3GPP files use H.264 with inter-frame compression, which achieves very high compression by storing only the differences between frames — resulting in very small file sizes optimized for mobile delivery over 3G networks. DV uses intra-frame compression, meaning every frame is encoded independently as a full image without referencing neighboring frames. This approach is far less space-efficient but more edit-friendly. Additionally, the audio is converted from compressed AAC to fully uncompressed PCM, adding further to the file size. A typical DV file runs around 13GB per hour of video.
DV is a strictly defined format with limited resolution and frame rate options: it supports 720x480 at 29.97fps (NTSC) or 720x576 at 25fps (PAL). If your 3GPP file was recorded at a non-standard mobile resolution such as 176x144, 320x240, or 640x480, FFmpeg will need to scale and potentially pad the video to fit one of these DV frame sizes.
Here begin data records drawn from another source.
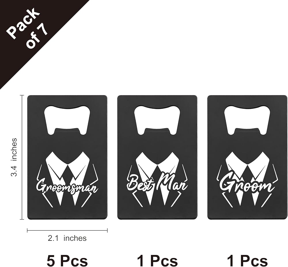 【Content】The 7 pack bottle opener that be printed "GROOM" , "BEST MAN", "GROOMSMAN" and theme white logo,include 1 GROOM, 1 BEST MAN and 5 GROOMSMAN metal bottle openers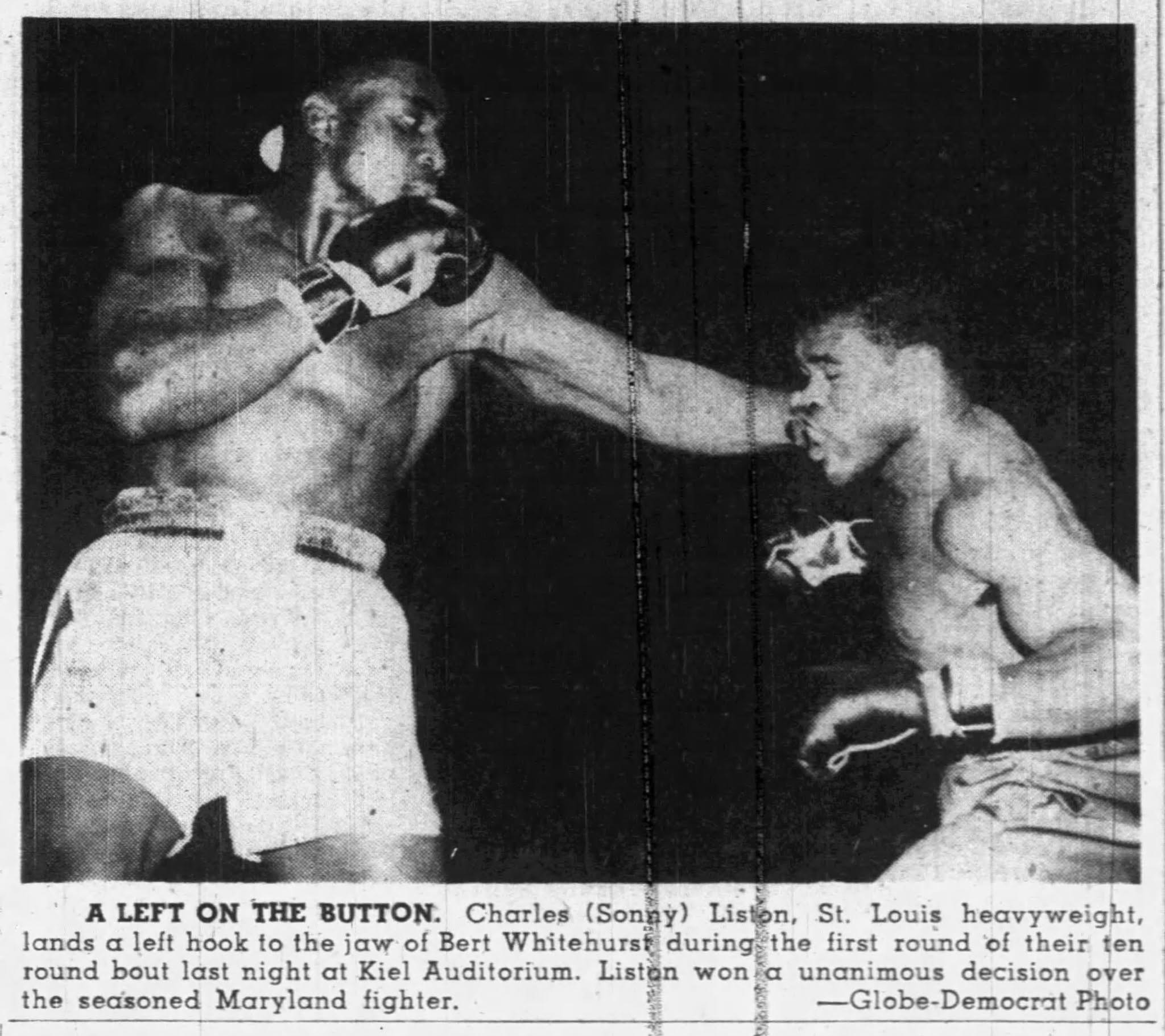 Not pleased with the company Liston was keeping—one of his pals was 385-pound Barney Baker, a reputed head cracker for the Teamsters—the St. Louis police kept stopping Liston, on sight and without cause, until, on May 5, 1956, 3½ years after his release from prison, Liston assaulted a St. Louis policeman, took his gun, left the cop lying in an alley and hid the weapon at a sister's house. The officer suffered a broken knee and gashed face. The following December, Liston began serving nine months in the city workhouse.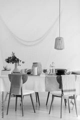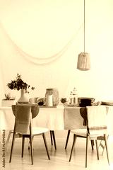 Real photo of modern white and beige living room interior

If the frame rate does not match, FFmpeg will perform frame rate conversion. You may want to explicitly specify the target frame rate and resolution with additional flags if the defaults do not suit your project.
DV exclusively uses uncompressed PCM audio, specifically pcm_s16le (16-bit signed little-endian), at either 48kHz or 32kHz. The AAC or MP3 audio in your 3GPP file will be fully decoded and re-encoded as raw PCM — this means no further lossy compression is applied to the audio in the output file. However, any quality lost during the original AAC or MP3 encoding of the 3GPP file cannot be recovered. DV does not support multiple audio tracks, so only the first audio stream from the 3GPP file will be included.
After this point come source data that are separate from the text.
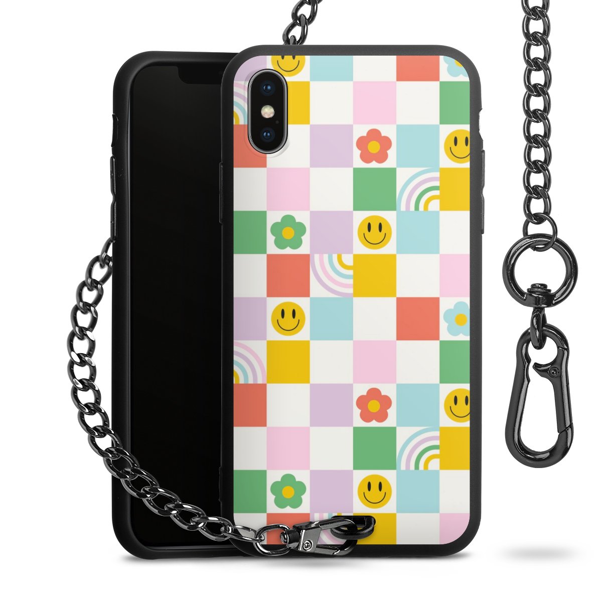 Die mattschwarze Silikon-Handyhülle besteht aus robustem TPU (thermoplastisches Polyurethan). Sie ist flexibel und schützt Dein Smartphone vor Stößen und Kratzern. Die Kette sowie der Karabinerhaken sind aus Metall in Gunmetal-Optik gefertigt. Für dieses Produkt kommen ausschließlich TÜV-geprüfte Materialien zum Einsatz.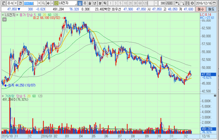 LG전자의 주가는 16일 16일 종가 4만7850원으로 올해 3월 2일의 고점 6만6100원에 비해 27.6% 하락한 수준에서 거래되고 있다.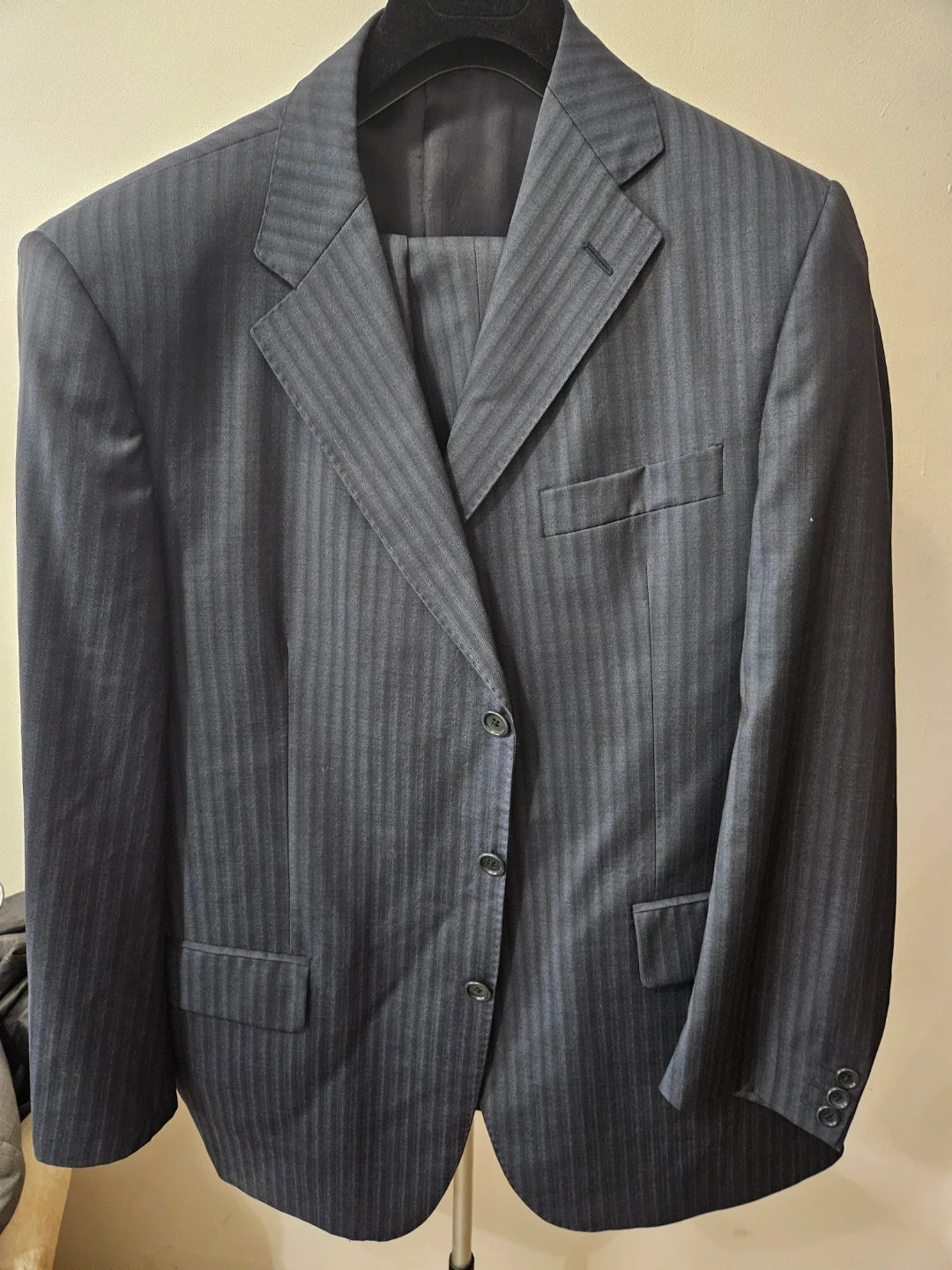 Sizes 44R jacket and size 36 pants. These were selling in stores between $1000-$1200 each. Total value of all suits $20,000..Take all only $20 each!!. Great price!!!. Change your whole suit wardrobe and wear a different suit every day for 1 month. Cash only. Must pickup ASAP sheepshead bay brooklyn.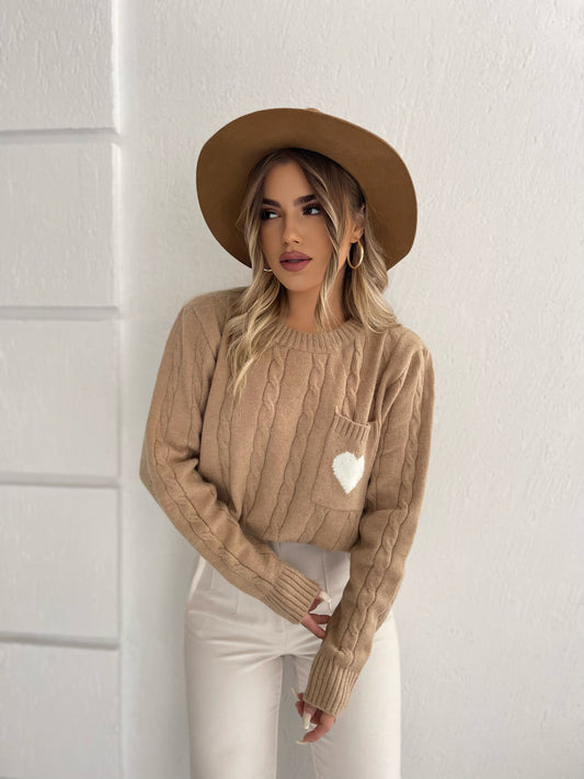 Pulover me menge te gjata me xhep pllak me zemer. Me jake rrethore. Pulovra ka...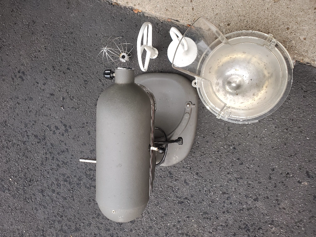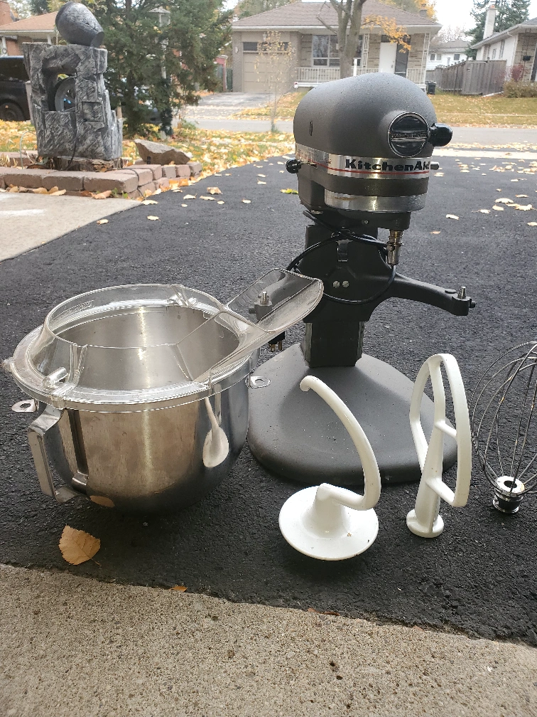 KitchenAid stand mixer with bowl, splash guard, dough hook. Solid state speed control, 10 speeds.NOT TURNS STOP WORKING DOESN'T SMELL BURNED good for handyman can fixed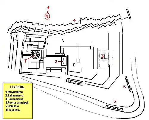 Deze plek ligt op ongeveer 3500 meter boven zeeniveau en kan vanuit Cuzco te voet (na een steile klim) bereikt worden. Het gebied is 3094 hectare groot. In de tijd van de Inca's bevond zich op het plateau boven de drie nog bestaande terrassen een groot complex met als middelpunt een vier of vijf verdiepingen hoge toren. De gebouwen boden ruimte aan 5000 personen.
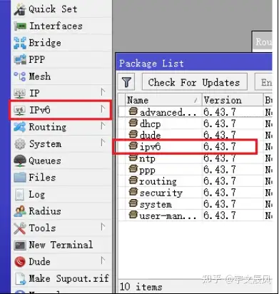 首先需要确认你的 RouterOS 已经安装并启用了 IPv6 功能包,MikroTik 硬件的 RouterOS 都带有 IPv6 功能

The command shown processes a single file, but you can batch process using a shell loop. On Linux or macOS, run: for f in *.3gp; do ffmpeg -i "$f" -c:v dvvideo -c:a pcm_s16le "${f%.3gp}.dv"; done. On Windows Command Prompt, use: for %f in (*.3gp) do ffmpeg -i "%f" -c:v dvvideo -c:a pcm_s16le "%~nf.dv". Each file will be transcoded sequentially. Be aware that this conversion is computationally intensive due to the full re-encode of both video and audio streams.
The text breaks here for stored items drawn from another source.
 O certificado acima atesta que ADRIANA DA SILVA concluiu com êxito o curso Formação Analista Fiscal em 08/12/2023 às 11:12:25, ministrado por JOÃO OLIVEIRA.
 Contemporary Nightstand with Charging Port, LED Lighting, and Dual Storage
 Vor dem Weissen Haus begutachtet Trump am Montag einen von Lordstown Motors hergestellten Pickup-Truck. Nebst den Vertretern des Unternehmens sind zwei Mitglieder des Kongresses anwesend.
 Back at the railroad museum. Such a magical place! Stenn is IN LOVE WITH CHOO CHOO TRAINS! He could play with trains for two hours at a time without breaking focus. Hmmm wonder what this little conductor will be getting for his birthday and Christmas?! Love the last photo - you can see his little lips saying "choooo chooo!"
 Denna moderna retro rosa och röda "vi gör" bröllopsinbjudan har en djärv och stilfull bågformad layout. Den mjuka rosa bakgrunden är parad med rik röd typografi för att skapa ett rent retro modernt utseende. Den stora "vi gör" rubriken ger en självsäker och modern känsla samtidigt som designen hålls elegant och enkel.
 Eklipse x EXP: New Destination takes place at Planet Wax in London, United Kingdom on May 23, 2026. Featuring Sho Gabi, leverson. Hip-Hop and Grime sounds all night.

No. DV is a bare-bones format with no structured metadata container — it does not support GPS coordinates, device information, creation timestamps, or any of the rich metadata that 3GPP files can carry in their MP4-based container atoms. All such metadata will be discarded during conversion. If preserving this information is important, extract it from the 3GPP file using a tool like ExifTool or MediaInfo before converting, and store it separately.
Technical Notes
The dvvideo codec in FFmpeg implements the DV25 standard (approximately 25 Mbps for NTSC, 25 Mbps for PAL), which is the standard definition camcorder DV format. Because DV is constrained to specific resolutions (720x480 NTSC, 720x576 PAL) and chroma subsampling (4:1:1 for NTSC, 4:2:0 for PAL), any 3GPP source with non-standard dimensions will be automatically scaled by FFmpeg, potentially introducing letterboxing or stretching depending on the aspect ratio of the source. 3GPP files commonly use 4:2:0 chroma, which is compatible with PAL DV chroma but will be converted to 4:1:1 for NTSC DV — a chroma quality reduction. The DV format has no configurable quality parameter because the bitrate is fixed by the standard, so the command has no -crf or -b:v flag. PCM audio in the output requires no quality configuration either. The output .dv file uses a raw DV stream container with no index or seeking metadata, which means some players may not support random seeking. DV files are not suitable for web delivery or mobile playback and are intended exclusively for professional editing and archival workflows.